Wednesday, January 12, 2011

Lampstand Profiled

In yesterday's Catholic Culture, Dr. Jeff Mirus wrote about our work.

An excerpt.

"The only daily paper we get in our household is the local paper which covers our town and county in Northern Virginia, or about 375,000 souls. Despite this modest population, nearly every day there is a new local disaster on the front page, very often a crime—burglary, armed robbery, assault, child pornography, even murder. Some of the reports are perversely humorous, as in the recent robbery of a convenience store in which the perpetrator used a six-foot broken branch as a weapon; or the effort to steal a van while the owner was busy in the back. But we’ve had a string of over twenty burglaries in nearby neighborhoods in recent weeks, there have been some unprovoked gang attacks, and today we learned about the first murder of the new year.

"Crimes of passion—and the violent use of an available knife or hand gun in a sudden quarrel—are to some degree understandable, as is the increased incidence of random violence in a crumbling society which is increasingly incapable of nurturing well-adjusted and fundamentally happy people. But consistent criminal activity is a trickier subject; one wonders about the causes that lead someone down that path. A great deal of ink has been spilled over the past fifty years on the sociology of crime, and in particular the degree to which the criminal is himself a victim who cannot be held completely responsible for his actions. Among various attempts to identify root problems, we have seen indictments of society as a whole, of capitalism in particular, and even of the criminal justice system itself.
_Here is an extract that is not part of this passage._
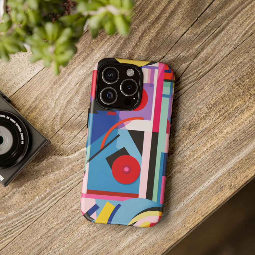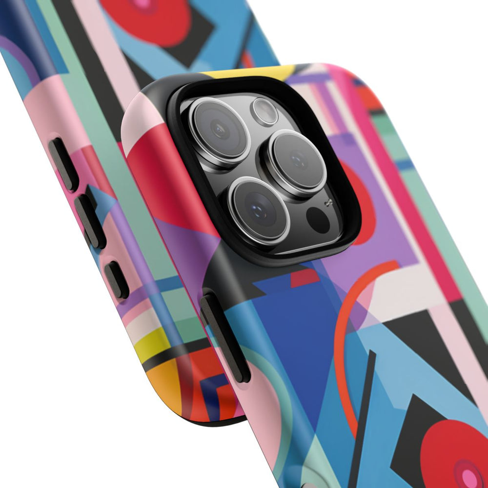 Dit hoesje heeft een abstract ontwerp met geometrische vormen zoals cirkels, driehoeken en rechthoeken. De illustratie gebruikt een levendig kleurenpalet met vooral blauw, roze, rood, geel en zwart. De overlappende en kruisende vormen zorgen voor een dynamisch en modern effect. Het hoesje bestaat uit twee lagen met een matte afwerking, een polycarbonaat buitenkant en een TPU-binnenzijde. Het is stevig, bestand tegen gebruik buitenshuis en geschikt voor draadloos opladen.

"One man who works directly in this area of assessing criminal responsibility believes that such analyses are fundamentally unproductive. David H. Lukenbill, himself a former 20-year criminal and founder of The Lampstand Foundation, puts the matter succinctly: “In the work of criminal reformation, it is vital to keep in mind that the criminal is the problem.” Lukenbill now devotes his life to criminal reformation, and to recruiting other former criminals who have gone on to convert or come back to their Catholic faith (as Lukenbill did) to work directly to touch and transform others."